Yep, I am still interested in this one, and would be happy to start on scoping anytime after this week
GitHub - gdpelican/discourse-graphryder
Contribute to gdpelican/discourse-graphryder development by creating an account on GitHub.
Yep, I am still interested in this one, and would be happy to start on scoping anytime after this week
Perfect! Feel free to start anytime, and let’s touch base end of next week?
Alright, I’ve had a poke around here, and here’s my rough guess on a timeline for phase 1:
Action items:
Pull back the experimental changes around RedisGraph models within Discourse (~2 hrs)
Sync the Discourse DB so that it writes to RedisGraph as well (~8hrs)
Write an endpoint to accept Cypher queries to RedisGraph (~4hrs)
Adapt Graphyryder API to call Redisgraph endpoint instead of neo4j (~15-20hrs)
This is a short week in New Zealand (happy birthday to the Queen), so I’ll look to get the first three Discourse items together starting next week, then start on the Graphryder API piece the week after. Does this seem like a sensible start to you @hugi?
I’ve set it up a few times now so maybe I can help. What problems are you running into?
Yes, this sounds reasonable! Thanks.
Yes, we need to get annotations, codes and code names from the “annotator-store”. And even though it’s not used in the importer now, we should also include the relations for who has created each annotation and code.
All of that data is already available in ActiveRecord, so getting it shouldn’t be harder than getting the other data.
However, I’m not sure if these end up in the event log in the same way as the standard Discourse stuff, @matthias?
We should use an approach here that syncs with what already exists for the annotator. How do you think this should be implemented @matthias?
The annotator-store gem and our extensions to it store to the PostgreSQL database via a plain ActiveRecord mapping, and that’s it. We don’t implement any Discourse specific interfaces etc., it’s rather so far a standalone Rails engine that does its own thing and relies on Discourse for authentication and a shared database.

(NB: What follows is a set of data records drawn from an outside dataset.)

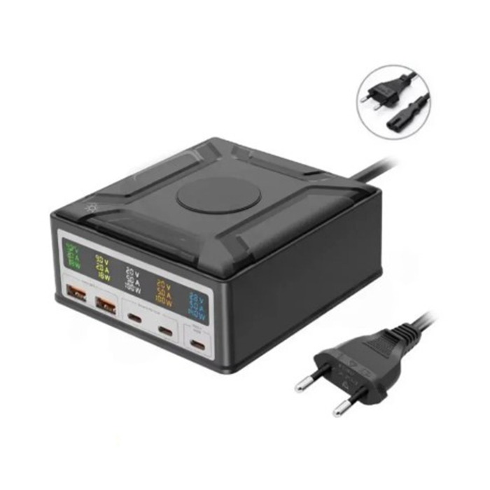 Зарядная станция GaN (260W, 5 портов, 2USB-QC3.0/3Type-C-PD3.1, Qi 15W, LCD)
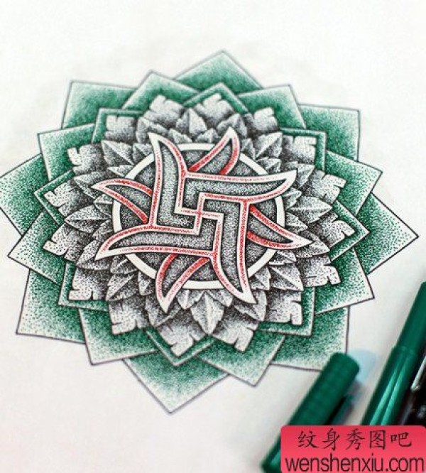 曼陀罗点刺梵花_100张曼陀罗点刺梵花纹身手稿图案
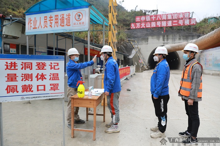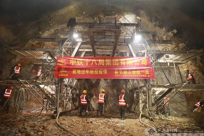 春节前夕,贵南高铁九万大山四号隧道的两个作业面上的风枪作业、防排水施工依然在紧张有序地开展,挖掘机、运泥车进出隧道络绎不绝,隧道三工区经理刘志勇和工友们每天都和上班一样,早早来到了隧道的掌子面开始了一天的工作。“隧道目前的进度有些落后,在家待着过年心里也不踏实。”中铁十八局贵南高铁项目部三工区经理刘志勇对笔者说,他负责的这座隧道全长15485米,是贵南高铁广西段和广西境内现有铁路隧道中最长的一座,由于隧道处于喀斯特岩溶发育区,危岩落石、有害气体以及大量的溶洞和溶腔给施工带来了很大的难度,刘志勇告诉笔者,九万大山四号隧道开工以来,就已经发现各类大小溶洞、溶腔34处,其中一处溶洞高40米,宽50米,纵向长40米,不仅是目前全线隧道挖掘过程中发现的最大溶洞,也是目前广西所有铁路隧道建设过程中遇见的最大溶洞,在全国铁路隧道工程建设史上亦属罕见,掘进一度受到影响,为了将进度抢回来,刘志勇和近百名工友们决定春节留在岗位继续奋战。功夫不负有心人,经过节日期间的努力,隧道掘进突破7800米大关,进度顺利过半,受影响的进度终于被抢了回来。“这是给我们新年最好的礼物。”刘志勇高兴地对笔者说。
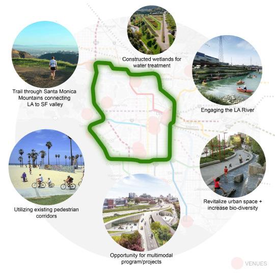 Weaved into the loop is program that celebrates the unique neighborhoods and communities it runs through, allowing the locals to participate and contribute to the Olympics’ events. This greenway creates a sustainable way for the Olympic visitors to experience Los Angeles, and for the residents to enjoy once the games have passed.
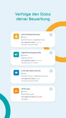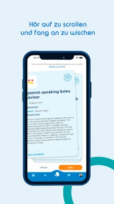 Mit der Go Places App ist die Bewerbung ein Kinderspiel. Einmal Ihr Profil und Lebenslauf hochgeladen, genügen wenige Klicks, um sich zu bewerben. Jeder Swipe nach rechts sendet Ihre Unterlagen und hilft dem System, Ihre Präferenzen noch besser zu verstehen. Verpassen Sie keine wichtigen Entwicklungen mehr: Unser Entdecken-Bereich hält Sie über trendige Arbeitgeber, beliebte Länder für Expats und attraktive Marktneuheiten auf dem Laufenden. Speichern Sie interessante Stellen für später, überdenken Sie verworfene Angebote oder teilen Sie aufregende Funde mühelos mit Freunden, um sie bei ihrer eigenen Reise zu unterstützen. Die Go Places App begleitet Sie auf jedem Schritt Ihres Weges zu einer internationalen Karriere.
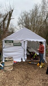 Location Manager, Andy Moore, contacted us in September 2024 on the hunt for one of the main hero locations – a cottage that feels a little isolated (but still accessible) close to Bristol. We naturally thought Ten Acre Woods matched that brief well and a recce was set up. After a number of visits, production company, Big Talk Productions, chose Ten Acre Woods as the location for the Fenton house and the location was taken over from February 2025 for several weeks, with filming finishing in April.
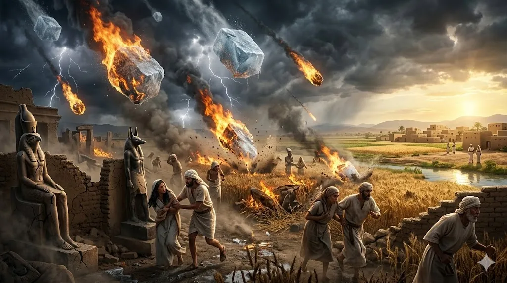 이집트 마술사들과 백성들의 몸에 났던 악성 종기(Sore)와 하늘에서 떨어진 거대한 우박(Hail)은, 장차 짐승의 표를 받은 자들에게 쏟아질 대환난 심판의 완벽한 리허설입니다. 모세가 화덕의 재를 하늘로 날려 종기를 일으켰듯이, 세상의 악과 우상 숭배의 재(흔적)는 반드시 하나님의 공의로운 심판으로 되돌아오게 됩니다.
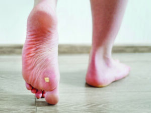 Warning: A “Morton’s neuroma” could be confused with a callus. Like a callus, it can feel like a pebble in the shoe. But a neuroma is overgrown nerve tissue inside the foot, not excess skin cells. Morton’s neuromas typically occur in the forefoot, often between the third and fourth toes. They’re usually painful. Sometimes placing a pad on the bottom of the foot between the metatarsal heads can alleviate discomfort. Shoes that are wider across the forefoot may help as well. A podiatrist can offer nonsurgical treatment options, such as “radiofrequency ablation”—high-frequency radio waves delivered via a needle that destroy the problematic nerve tissue.
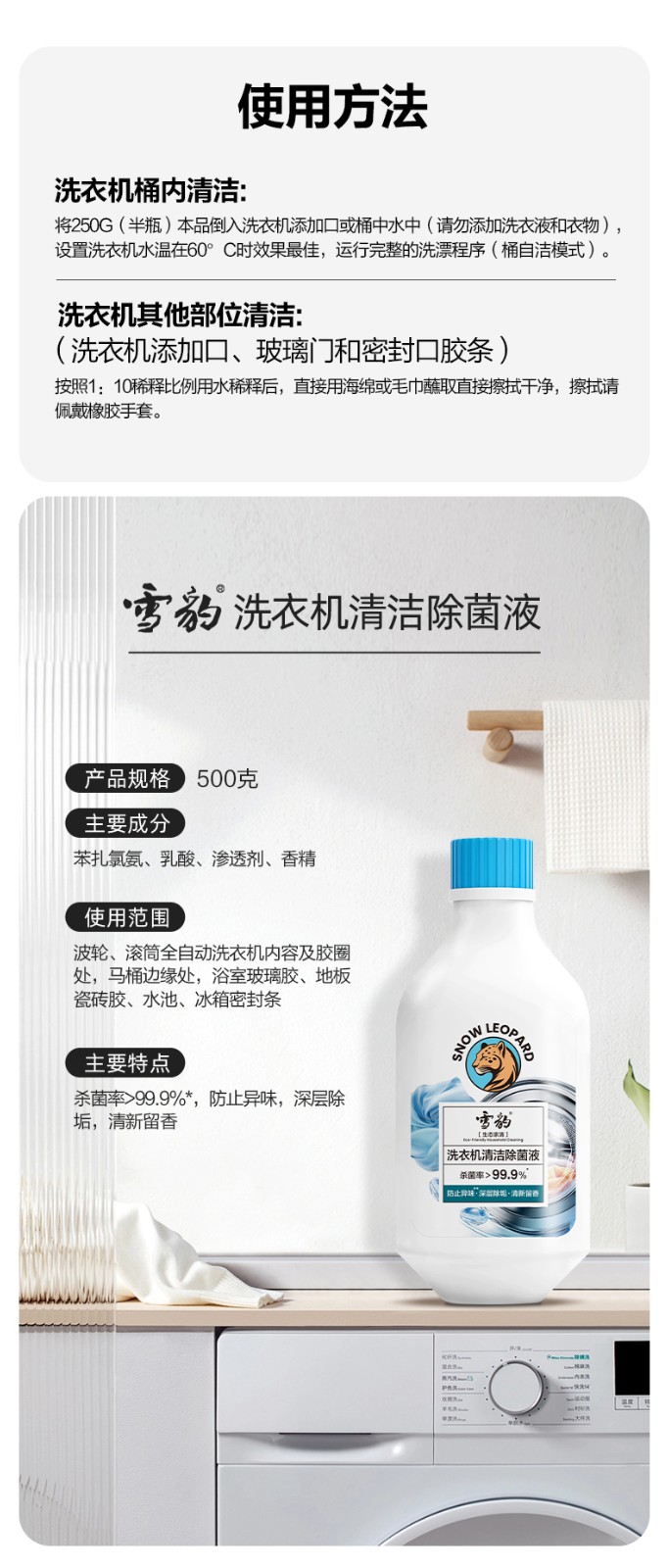 500g雪豹洗衣机清洁除菌液(生态家清)
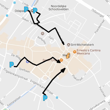 Betaalde parkeergelegenheid is beschikbaar in de parkeergarages in de directe omgeving van de Markt:
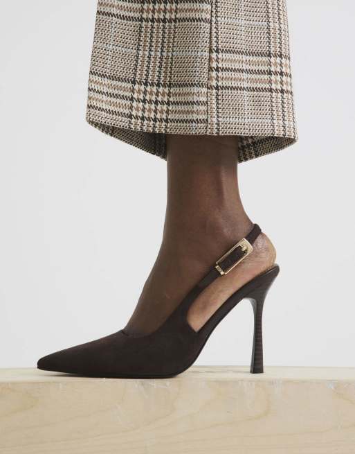 River Island Faux suede slingback buckle court heels in brown
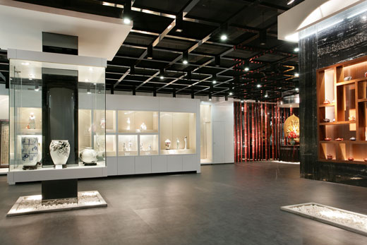 偉業陶瓷是一家從事酒店用瓷、日用陶瓷餐具的研發,製造和經營,集科、工、貿於一體的民營企業,是國內大型日用瓷器生產廠家之一,而廣東偉業陶瓷美術館是偉業公司做產品展示的美術館,采用霜白G101-S防火板做展櫃表麵裝飾,淺蛋殼色G141-S防火板做展櫃內飾背景板;
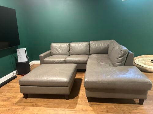 Like the title says, in 2 coats I achieved a complete color change and the exact effect I wanted. We got a very nice couch from a friend for a deal. Only one problem- it was grey! Nothing wrong with grey couches, but it was not going to go with our classic, movie and bar room! I found this product from an old YouTube video and thought it was too good to be true. I ended up researching and seeing all of the amazing reviews, so I decided to buy it. Best decision I’ve made!
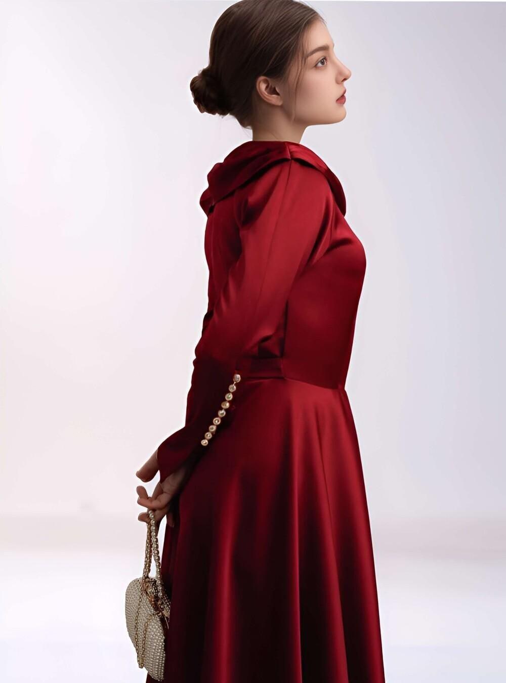 Our silk dress drapes in a flattering A-line cut, brushing the waist and flaring softly. Choose your favorite neckline (Round, V, Square, Boat) and sleeves (from sleeveless to long straight). Satin-lined pockets are discreetly hidden at the hips. Length falls mid-calf or ankle.

Access should be granted with two mechanisms:
Discourse API key for the so-called Admin API, provided by the client application. This is the approach we currently use for all Vue.js applications to access the Discourse API by first doing a SSO login via community.edgeryders.eu and then obtaining the user’s admin API key via this custom API endpoint.
If the user is an authenticated Discourse user and member of group “annotator”, as currently done inside Open Ethnographer. This would be used for the case of implementing Graphryder visualizations as part of the current Open Ethnographer interface. Which is not planned yet, but should be possible. Since it will not be needed in the immediate future, no need to implement it right now. But if there is a way to implement the API endpoint so that this comes out as a side effect, then do that.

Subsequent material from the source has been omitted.